WHAT IS EXPECTED: Could you reproduce the lines below from the one with "1月13日,广东省科协发出《" through the one with "Бордовый, черный, телячья"? Keep both ends and add nothing.

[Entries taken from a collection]
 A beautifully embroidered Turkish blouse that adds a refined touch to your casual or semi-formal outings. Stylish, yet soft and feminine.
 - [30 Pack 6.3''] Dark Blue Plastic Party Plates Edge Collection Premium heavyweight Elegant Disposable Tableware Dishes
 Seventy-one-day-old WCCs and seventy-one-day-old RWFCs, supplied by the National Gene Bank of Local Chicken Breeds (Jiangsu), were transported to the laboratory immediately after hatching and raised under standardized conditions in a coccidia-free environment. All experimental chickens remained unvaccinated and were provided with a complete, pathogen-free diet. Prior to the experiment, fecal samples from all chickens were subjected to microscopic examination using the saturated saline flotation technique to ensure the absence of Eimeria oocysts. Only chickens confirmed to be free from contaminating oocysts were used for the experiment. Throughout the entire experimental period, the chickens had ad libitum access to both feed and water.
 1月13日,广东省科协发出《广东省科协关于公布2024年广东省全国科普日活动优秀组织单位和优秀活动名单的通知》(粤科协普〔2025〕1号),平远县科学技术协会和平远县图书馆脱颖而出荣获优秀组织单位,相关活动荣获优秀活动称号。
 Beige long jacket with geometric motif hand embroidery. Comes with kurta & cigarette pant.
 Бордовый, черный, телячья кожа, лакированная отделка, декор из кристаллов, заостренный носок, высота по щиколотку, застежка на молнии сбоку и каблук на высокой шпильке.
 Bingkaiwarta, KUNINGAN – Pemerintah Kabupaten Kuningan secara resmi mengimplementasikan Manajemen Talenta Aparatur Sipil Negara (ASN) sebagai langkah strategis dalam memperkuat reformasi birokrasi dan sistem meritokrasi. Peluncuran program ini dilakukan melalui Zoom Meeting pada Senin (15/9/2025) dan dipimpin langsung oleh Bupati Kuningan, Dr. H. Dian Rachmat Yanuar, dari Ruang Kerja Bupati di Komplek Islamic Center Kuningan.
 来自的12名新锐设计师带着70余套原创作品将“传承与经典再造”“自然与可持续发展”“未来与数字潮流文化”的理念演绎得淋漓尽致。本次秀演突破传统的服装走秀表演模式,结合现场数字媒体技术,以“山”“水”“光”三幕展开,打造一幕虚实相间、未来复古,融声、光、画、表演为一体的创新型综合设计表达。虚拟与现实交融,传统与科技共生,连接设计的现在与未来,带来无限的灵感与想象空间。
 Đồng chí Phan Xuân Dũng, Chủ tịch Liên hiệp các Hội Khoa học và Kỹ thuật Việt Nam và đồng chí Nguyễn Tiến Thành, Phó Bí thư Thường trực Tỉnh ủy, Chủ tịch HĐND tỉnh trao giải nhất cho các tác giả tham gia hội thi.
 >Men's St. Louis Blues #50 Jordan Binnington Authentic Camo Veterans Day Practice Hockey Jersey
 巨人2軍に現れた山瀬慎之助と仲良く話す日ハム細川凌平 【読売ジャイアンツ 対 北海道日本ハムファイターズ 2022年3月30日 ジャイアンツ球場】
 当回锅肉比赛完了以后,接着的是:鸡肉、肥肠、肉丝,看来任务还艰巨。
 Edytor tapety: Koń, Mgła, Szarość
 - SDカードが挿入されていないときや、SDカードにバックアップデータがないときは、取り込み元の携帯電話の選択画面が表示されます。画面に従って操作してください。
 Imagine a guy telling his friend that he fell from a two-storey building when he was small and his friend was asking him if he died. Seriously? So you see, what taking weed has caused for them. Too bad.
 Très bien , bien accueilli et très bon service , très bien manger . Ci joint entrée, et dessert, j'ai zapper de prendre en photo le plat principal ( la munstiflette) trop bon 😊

RESULT FOR THIS TASK:
 1月13日,广东省科协发出《广东省科协关于公布2024年广东省全国科普日活动优秀组织单位和优秀活动名单的通知》(粤科协普〔2025〕1号),平远县科学技术协会和平远县图书馆脱颖而出荣获优秀组织单位,相关活动荣获优秀活动称号。
 Beige long jacket with geometric motif hand embroidery. Comes with kurta & cigarette pant.
 Бордовый, черный, телячья кожа, лакированная отделка, декор из кристаллов, заостренный носок, высота по щиколотку, застежка на молнии сбоку и каблук на высокой шпильке.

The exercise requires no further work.